Monday, December 28, 2020

Ch 6-3 Fate of German cemeteries

Later back home I wondered why we couldn’t find even a trace of any of the old village cemeteries, especially considering the old big Catholic cemetery in town. It remained intact and in use. Was it religion or revenge or a combination of the two that determined which cemetery survived?

Over the years rumors circulated among displaced East Prussians about what was done to the old German cemeteries. I thought about these rumors which claimed Lithuanians dug up graves ravaging the corpses for jewels and gold fillings. Maybe some post war grave robbing took place. The post war years had a totally abandoned and desperate population here so I wouldn’t be surprised if opportunists did resort to grave robbing due to their circumstances on top of hatred of Germans.  But I could never have imagined what actually happened in these cemeteries.

My internet research found a publication specifically about the cemeteries of East Prussia.  The Annaberger Annalen is a yearbook of Lithuanian and German-Lithuanian relationships.  Dr. Martynas Purvinas writes in great detail about the destruction of the cemeteries in Memelland after 1944, using eyewitness accounts.

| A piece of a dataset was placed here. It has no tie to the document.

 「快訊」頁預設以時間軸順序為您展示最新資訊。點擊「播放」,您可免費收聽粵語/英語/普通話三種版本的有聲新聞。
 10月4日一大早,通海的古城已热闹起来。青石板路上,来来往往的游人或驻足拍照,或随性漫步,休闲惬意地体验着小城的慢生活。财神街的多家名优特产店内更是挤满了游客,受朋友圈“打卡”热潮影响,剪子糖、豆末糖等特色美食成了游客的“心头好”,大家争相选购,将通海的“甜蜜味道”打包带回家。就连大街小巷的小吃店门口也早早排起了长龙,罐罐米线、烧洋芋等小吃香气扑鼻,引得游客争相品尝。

Purvinas maintains that unique to this area is the evolution of a Baltic death cult interwoven with Lutheran practices. Instead of one central cemetery, some cities had several cemeteries so that cemeteries could be located closer to the individual families who could actively maintain the grave plots. Some of the families went so far as to keep burial sites in the courtyard of their house and that way kept ancestors a part of their daily lives. People weren't buried at the farm around my mother's villages; one cemetery for each village was enough, unless someone was secretly burying people behind the barn, but it was hard to do anything in such tight village settings without your neighbors knowing.

After October 1944 all these traditions, including old Baltic practices, were destroyed and cemeteries vandalized. Perhaps more so than in other Soviet occupied areas, Klein Litauen (Memelland) presented an unusual combination of anti-German feeling, anti-Christian sentiment coupled with a need for revenge on both the part of the Lithuanians and the Russians. However Lithuanians are Catholics which is the religion of the country today. The cemeteries, full of all the heavy symbolism and taboos regarding death and desecration, resurrection, traditional burial practices, lure of riches beneath the ground, offered an opportunity to truly destroy the ancestors of a vanquished enemy. This is a familiar theme throughout history, something very primal to desecrate the dead of one’s enemies. And this they did.

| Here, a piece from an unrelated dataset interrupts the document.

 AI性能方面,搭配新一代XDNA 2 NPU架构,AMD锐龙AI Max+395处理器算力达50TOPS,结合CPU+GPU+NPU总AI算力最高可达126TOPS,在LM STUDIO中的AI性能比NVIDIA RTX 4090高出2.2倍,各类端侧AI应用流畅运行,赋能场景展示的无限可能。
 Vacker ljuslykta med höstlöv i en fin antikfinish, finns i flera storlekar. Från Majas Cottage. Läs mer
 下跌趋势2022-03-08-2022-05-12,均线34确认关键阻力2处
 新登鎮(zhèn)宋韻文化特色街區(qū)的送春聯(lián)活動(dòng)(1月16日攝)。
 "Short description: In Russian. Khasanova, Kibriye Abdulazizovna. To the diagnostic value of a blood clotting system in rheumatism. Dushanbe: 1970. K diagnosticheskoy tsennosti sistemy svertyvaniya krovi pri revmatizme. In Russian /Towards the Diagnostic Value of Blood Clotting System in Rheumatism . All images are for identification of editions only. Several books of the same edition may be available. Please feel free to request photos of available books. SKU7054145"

In order to stop major flooding of the Memel River, the Soviet authorities needed to raise the damn at Kaukehmen. The material they used to do this was easily found in the big, still in use, cemeteries in Kaukehmen. An eyewitness recounts how everywhere lay rotted body parts and at the damn were a variety of grave contents piled up sticking out of the dirt. 


The authorities also found plenty of other uses for the cemeteries. Road construction was a pressing need, which is what was done with the cemetery in Gruenheide. Problem was, when you drove along this street you heard the wheels cracking the bones and in the ditches you could see human skulls laying about.


Some of the vandalism did fall to the local inhabitants.  As a result of shortages on construction material they pilfered the metal fences and grave markers to use on their farms.  Others stole anything that might be of value to sell – good granite and marble lay around for the taking. And then there were the actual graves, the bodies and what lay with them. Grave robbers looked for jewels, gold teeth, anything with a potential a resale value. They dumped out the bodies and plundered the coffins. Maybe it is good that the forest now covers what once was the old cemetery of Gnieballen.  Perhaps what remains now lies there in peace, reclaimed, never again to be disturbed.

These tactics of abolishing cemeteries not only served to destroy and cleanse the land of previous inhabitants, but was a warning to the current liberated citizens. The Soviets were atheists, but it is right to say that as a result this made them more brutal say than the Spanish Inquisition, or the Puritans burnings witches in Salem, Massachusetts? The degree of brutality or savagery is rather irrelevant. However it is rather a unique approach to ethnic cleansing by getting rid of those already dead. Genocide continues today but not with reports of disinterring the dead. It perplexes me, this act of taking out vengeance on bodies long dead. More than anything it violates a long-standing taboo regarding corpses, for whatever reason – disease, smell, religious resurrection, ghosts.

Yet there is something else about these cemeteries that puzzles me, something relating to the current day.  So many Germans go back, so many want to reclaim their land, so many have formed these pseudo political organizations to take back lost lands.  Do none of them want to ‘rebury’ the dead? Is there no one to even gather the bones in an act of respect for ancestors, burying the past in a deeper sense?

It is striking, in retrospect, that not all the local cemeteries are destroyed. Prior to the war the Jewish cemetery was destroyed by Germans; a plaque now marks the site. But throughout the area it is clear specific cemeteries were targeted for destruction. The effort was not directed at all sites. British and American graves at the POW camp are undisturbed graves; the bodies of Catholics in the city are safe. However all traces of German Lutherans are gone.  The only acknowledgement they receive is from the wind blowing over bones scattered among the heather.